(Stored data)
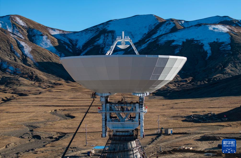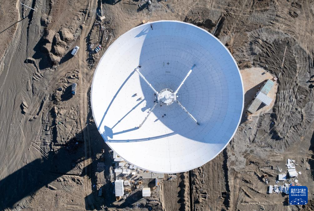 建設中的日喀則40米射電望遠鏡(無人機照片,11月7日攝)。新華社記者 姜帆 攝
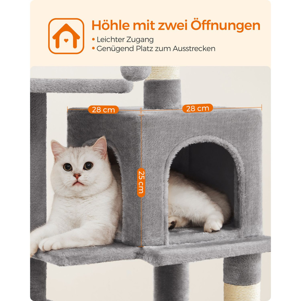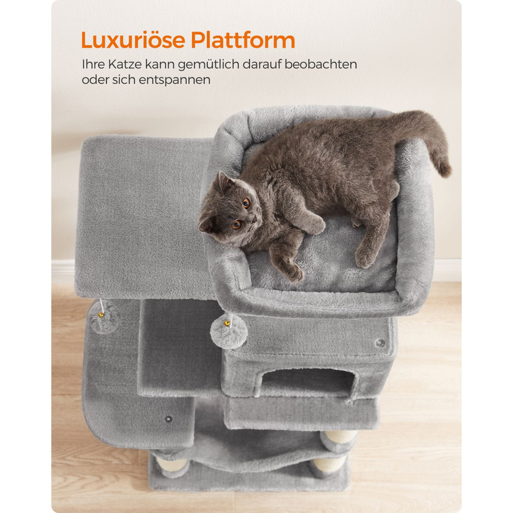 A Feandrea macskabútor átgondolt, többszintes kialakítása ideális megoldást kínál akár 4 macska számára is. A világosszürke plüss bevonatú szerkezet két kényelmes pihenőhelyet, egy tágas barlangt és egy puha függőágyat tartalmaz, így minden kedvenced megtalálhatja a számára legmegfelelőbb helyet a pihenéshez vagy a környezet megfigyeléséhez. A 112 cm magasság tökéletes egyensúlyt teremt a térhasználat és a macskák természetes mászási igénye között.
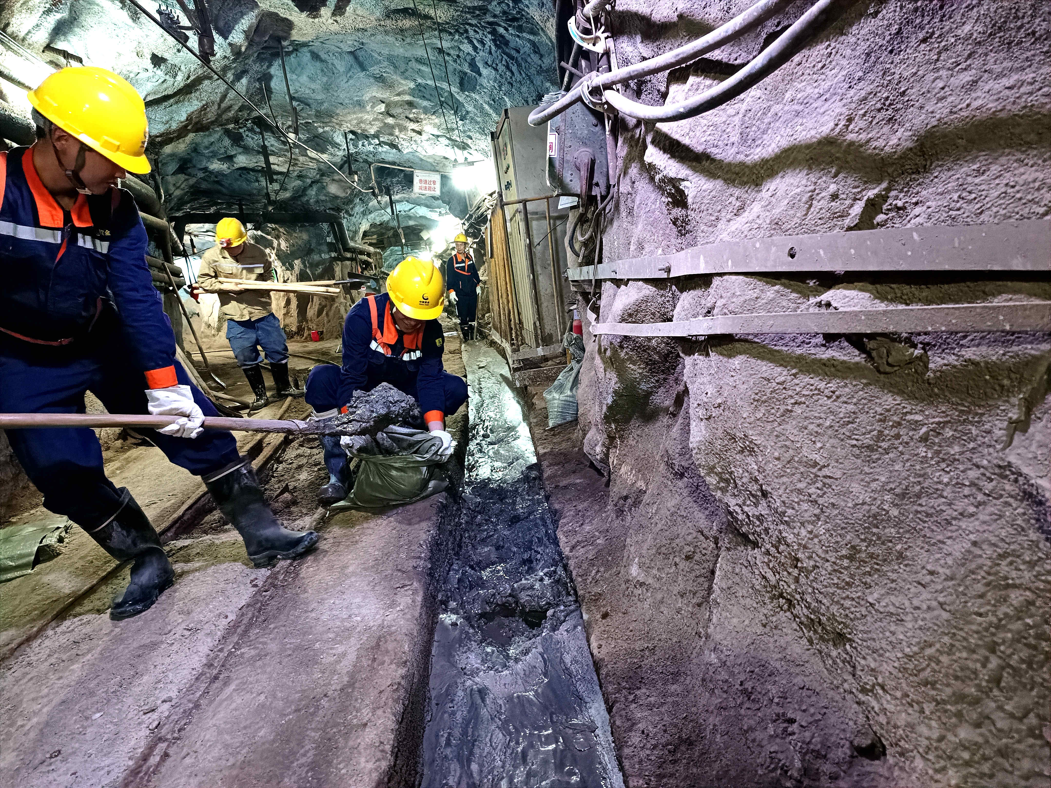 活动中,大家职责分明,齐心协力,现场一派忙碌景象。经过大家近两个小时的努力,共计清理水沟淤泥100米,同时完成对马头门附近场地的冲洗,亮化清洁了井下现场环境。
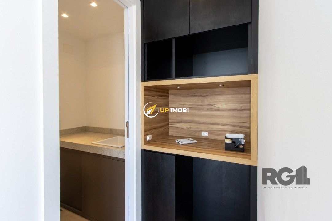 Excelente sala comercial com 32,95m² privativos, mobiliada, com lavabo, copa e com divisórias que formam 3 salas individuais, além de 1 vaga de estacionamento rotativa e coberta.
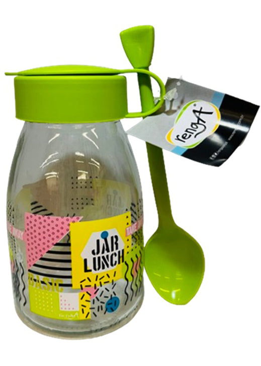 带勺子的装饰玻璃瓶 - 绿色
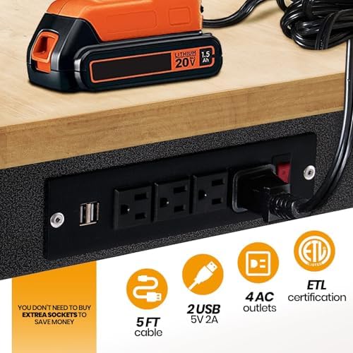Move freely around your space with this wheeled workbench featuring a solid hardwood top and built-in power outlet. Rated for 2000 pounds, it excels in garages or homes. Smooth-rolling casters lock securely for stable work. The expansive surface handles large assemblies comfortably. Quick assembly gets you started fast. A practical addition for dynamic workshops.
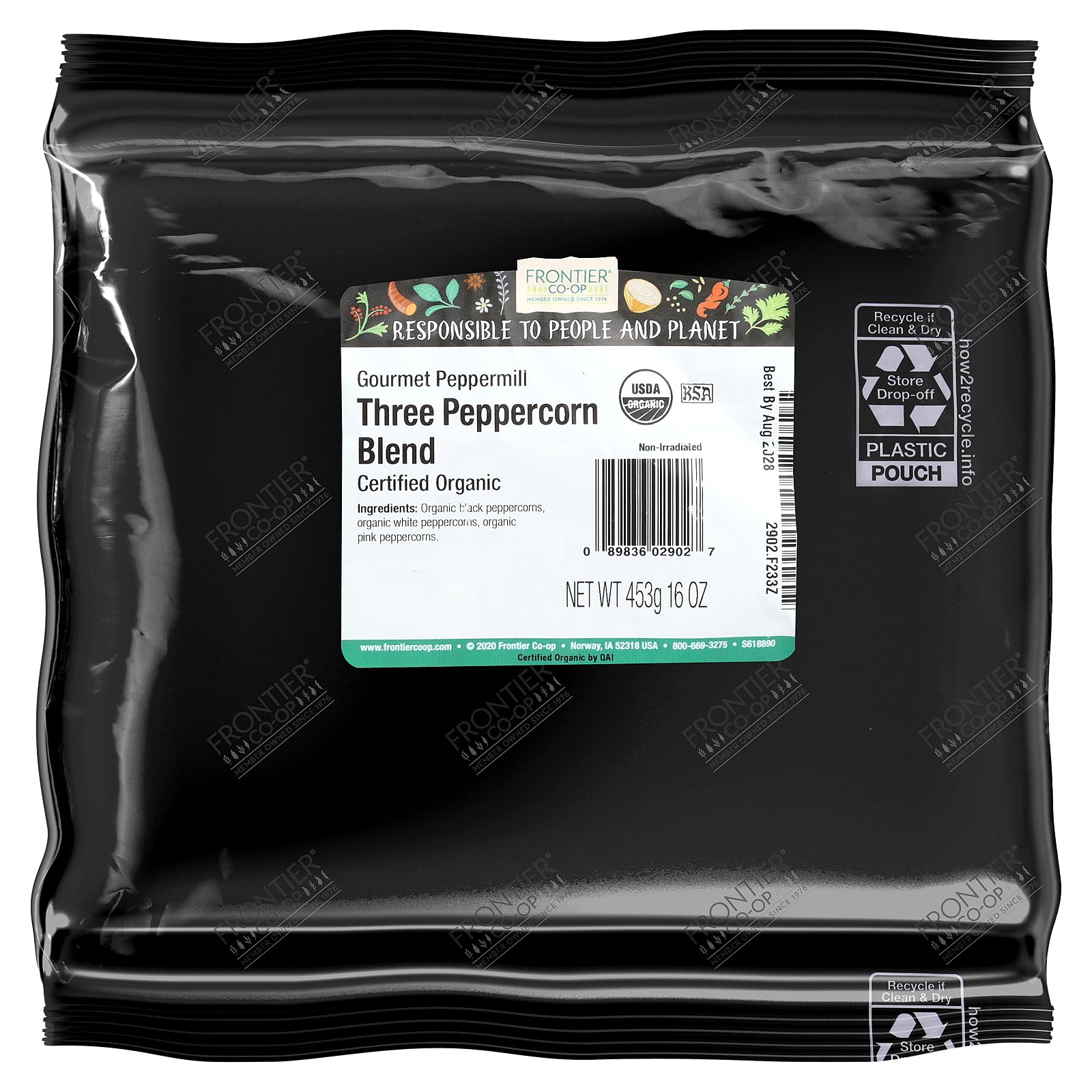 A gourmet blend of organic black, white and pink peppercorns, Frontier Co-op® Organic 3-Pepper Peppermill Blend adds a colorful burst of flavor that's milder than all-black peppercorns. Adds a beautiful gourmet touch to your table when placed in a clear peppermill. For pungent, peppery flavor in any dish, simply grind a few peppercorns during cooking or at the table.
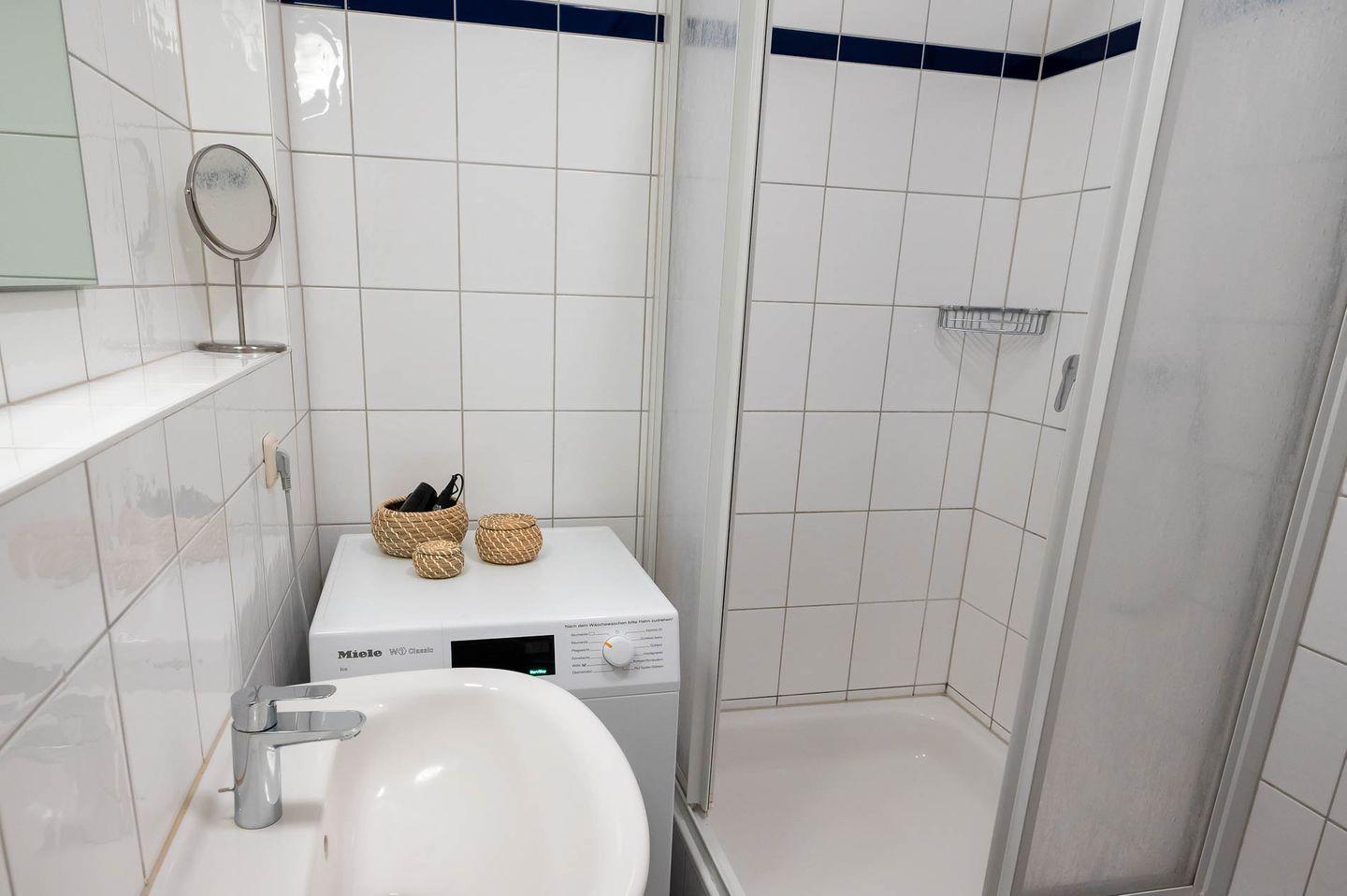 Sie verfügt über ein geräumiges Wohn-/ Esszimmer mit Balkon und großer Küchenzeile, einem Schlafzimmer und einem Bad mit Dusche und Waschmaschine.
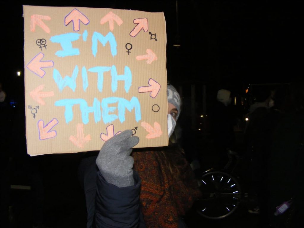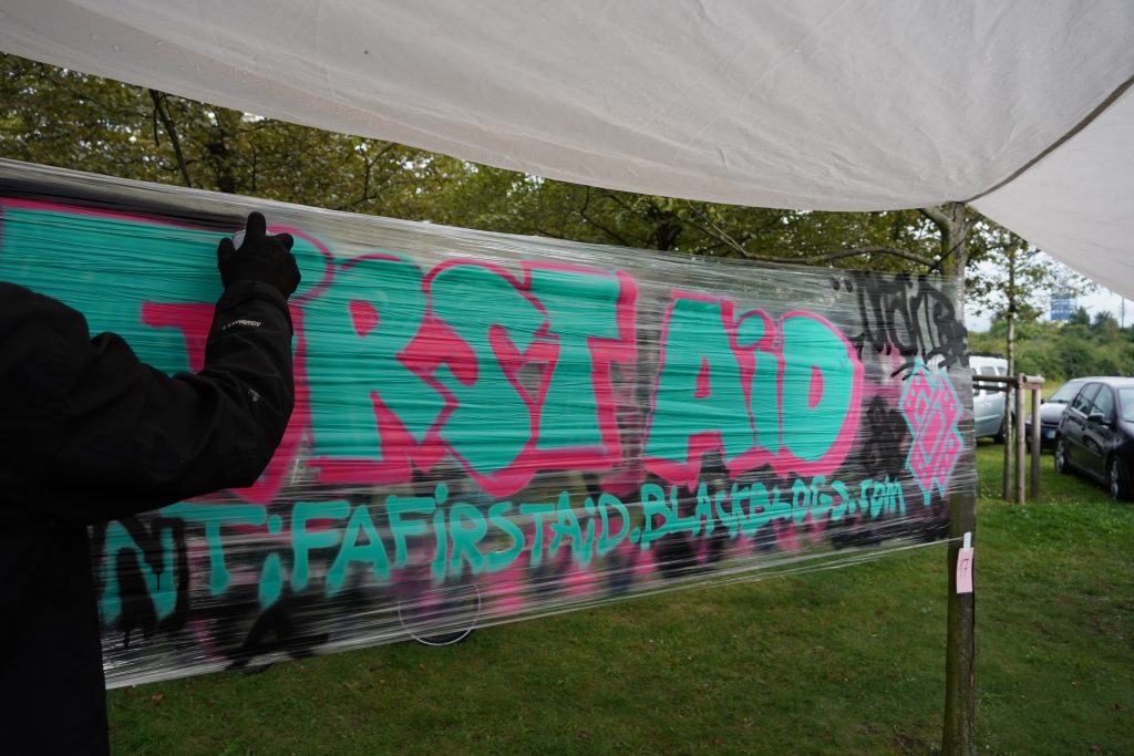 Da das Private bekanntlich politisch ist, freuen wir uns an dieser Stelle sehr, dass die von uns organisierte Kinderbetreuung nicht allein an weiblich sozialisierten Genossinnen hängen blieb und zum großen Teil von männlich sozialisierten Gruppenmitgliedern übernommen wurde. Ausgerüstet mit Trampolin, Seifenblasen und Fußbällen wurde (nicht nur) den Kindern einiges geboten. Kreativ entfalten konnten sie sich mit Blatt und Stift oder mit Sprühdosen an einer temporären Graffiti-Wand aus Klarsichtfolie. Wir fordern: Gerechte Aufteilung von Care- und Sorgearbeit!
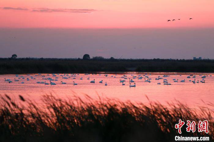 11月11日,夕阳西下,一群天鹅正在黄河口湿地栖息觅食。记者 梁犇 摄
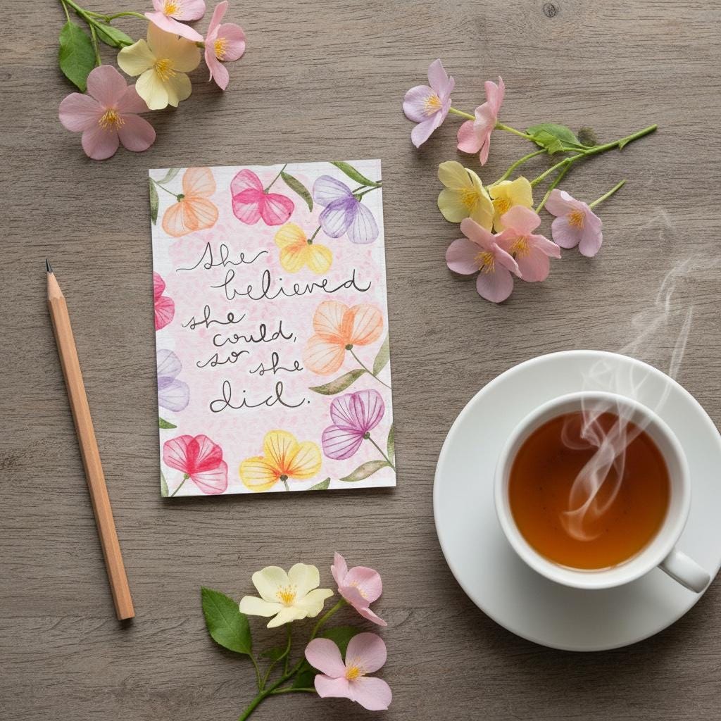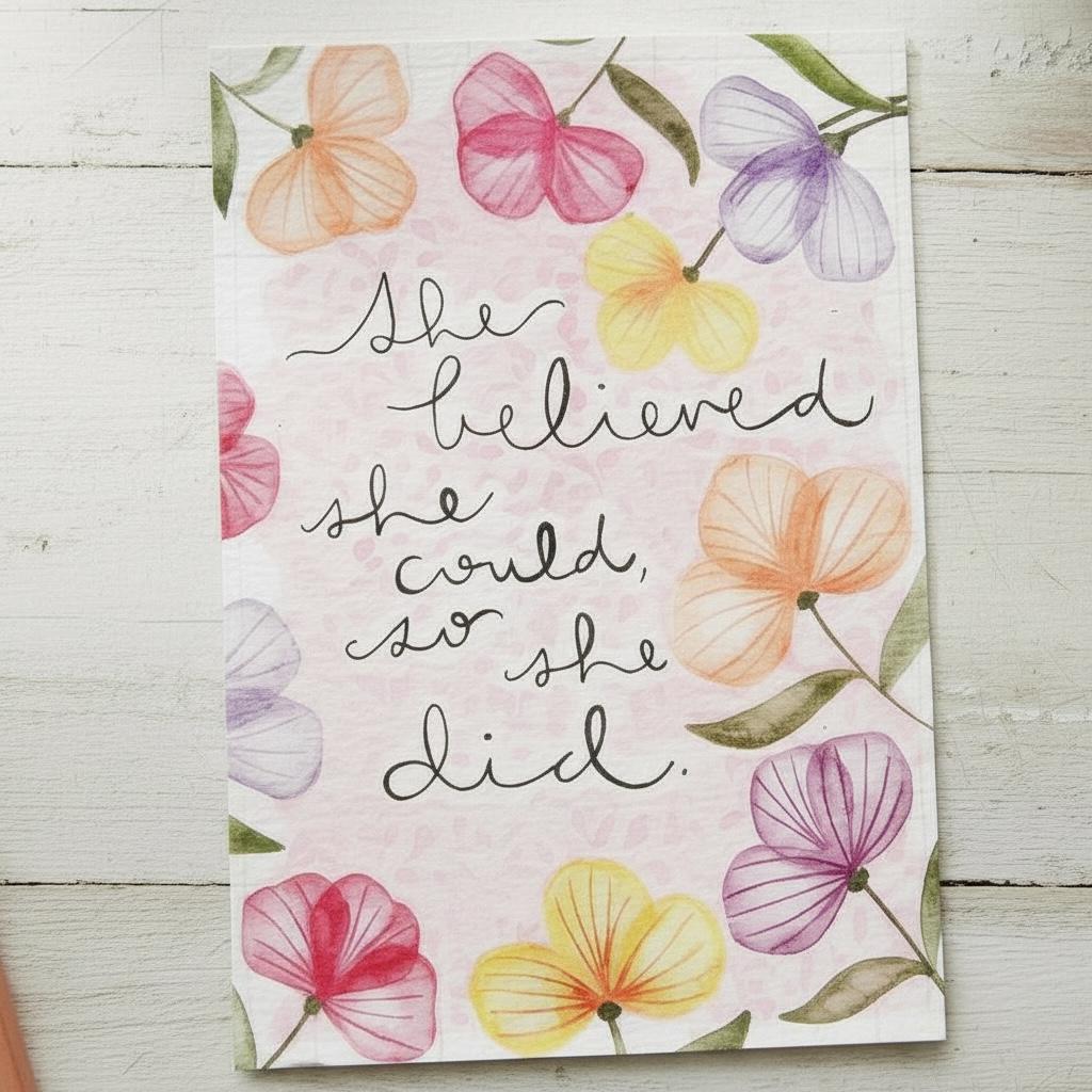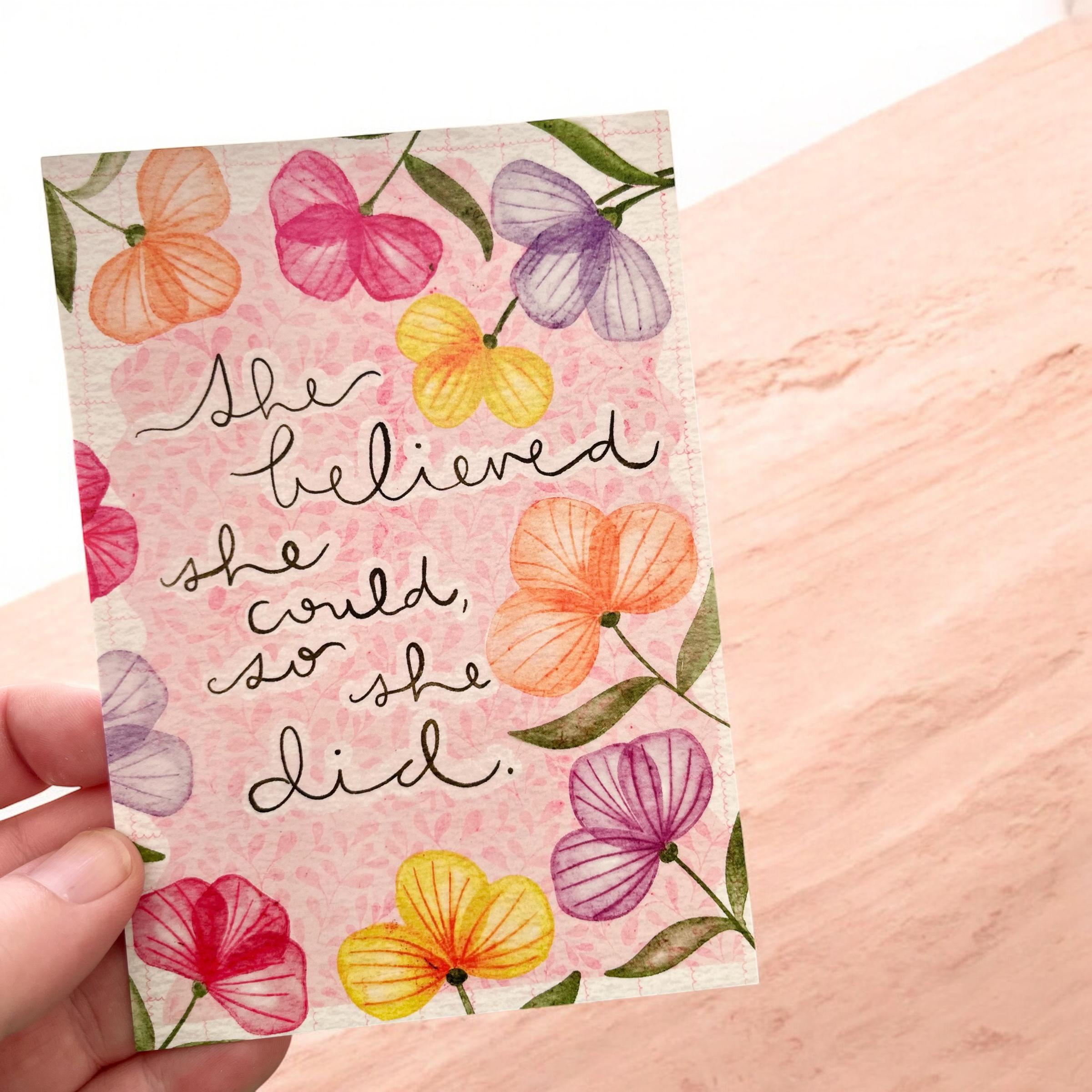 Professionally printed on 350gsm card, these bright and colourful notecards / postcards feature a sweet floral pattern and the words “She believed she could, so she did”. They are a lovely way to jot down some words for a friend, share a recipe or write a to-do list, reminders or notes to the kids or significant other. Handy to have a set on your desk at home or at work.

WHAT TO PRODUCE —
Print all records verbatim, excluding pictures.

EXPECTED OUTPUT —
 建設中的日喀則40米射電望遠鏡(無人機照片,11月7日攝)。新華社記者 姜帆 攝
 A Feandrea macskabútor átgondolt, többszintes kialakítása ideális megoldást kínál akár 4 macska számára is. A világosszürke plüss bevonatú szerkezet két kényelmes pihenőhelyet, egy tágas barlangt és egy puha függőágyat tartalmaz, így minden kedvenced megtalálhatja a számára legmegfelelőbb helyet a pihenéshez vagy a környezet megfigyeléséhez. A 112 cm magasság tökéletes egyensúlyt teremt a térhasználat és a macskák természetes mászási igénye között.
 活动中,大家职责分明,齐心协力,现场一派忙碌景象。经过大家近两个小时的努力,共计清理水沟淤泥100米,同时完成对马头门附近场地的冲洗,亮化清洁了井下现场环境。
 Excelente sala comercial com 32,95m² privativos, mobiliada, com lavabo, copa e com divisórias que formam 3 salas individuais, além de 1 vaga de estacionamento rotativa e coberta.
 带勺子的装饰玻璃瓶 - 绿色
Move freely around your space with this wheeled workbench featuring a solid hardwood top and built-in power outlet. Rated for 2000 pounds, it excels in garages or homes. Smooth-rolling casters lock securely for stable work. The expansive surface handles large assemblies comfortably. Quick assembly gets you started fast. A practical addition for dynamic workshops.
 A gourmet blend of organic black, white and pink peppercorns, Frontier Co-op® Organic 3-Pepper Peppermill Blend adds a colorful burst of flavor that's milder than all-black peppercorns. Adds a beautiful gourmet touch to your table when placed in a clear peppermill. For pungent, peppery flavor in any dish, simply grind a few peppercorns during cooking or at the table.
 Sie verfügt über ein geräumiges Wohn-/ Esszimmer mit Balkon und großer Küchenzeile, einem Schlafzimmer und einem Bad mit Dusche und Waschmaschine.
 Da das Private bekanntlich politisch ist, freuen wir uns an dieser Stelle sehr, dass die von uns organisierte Kinderbetreuung nicht allein an weiblich sozialisierten Genossinnen hängen blieb und zum großen Teil von männlich sozialisierten Gruppenmitgliedern übernommen wurde. Ausgerüstet mit Trampolin, Seifenblasen und Fußbällen wurde (nicht nur) den Kindern einiges geboten. Kreativ entfalten konnten sie sich mit Blatt und Stift oder mit Sprühdosen an einer temporären Graffiti-Wand aus Klarsichtfolie. Wir fordern: Gerechte Aufteilung von Care- und Sorgearbeit!
 11月11日,夕阳西下,一群天鹅正在黄河口湿地栖息觅食。记者 梁犇 摄
 Professionally printed on 350gsm card, these bright and colourful notecards / postcards feature a sweet floral pattern and the words “She believed she could, so she did”. They are a lovely way to jot down some words for a friend, share a recipe or write a to-do list, reminders or notes to the kids or significant other. Handy to have a set on your desk at home or at work.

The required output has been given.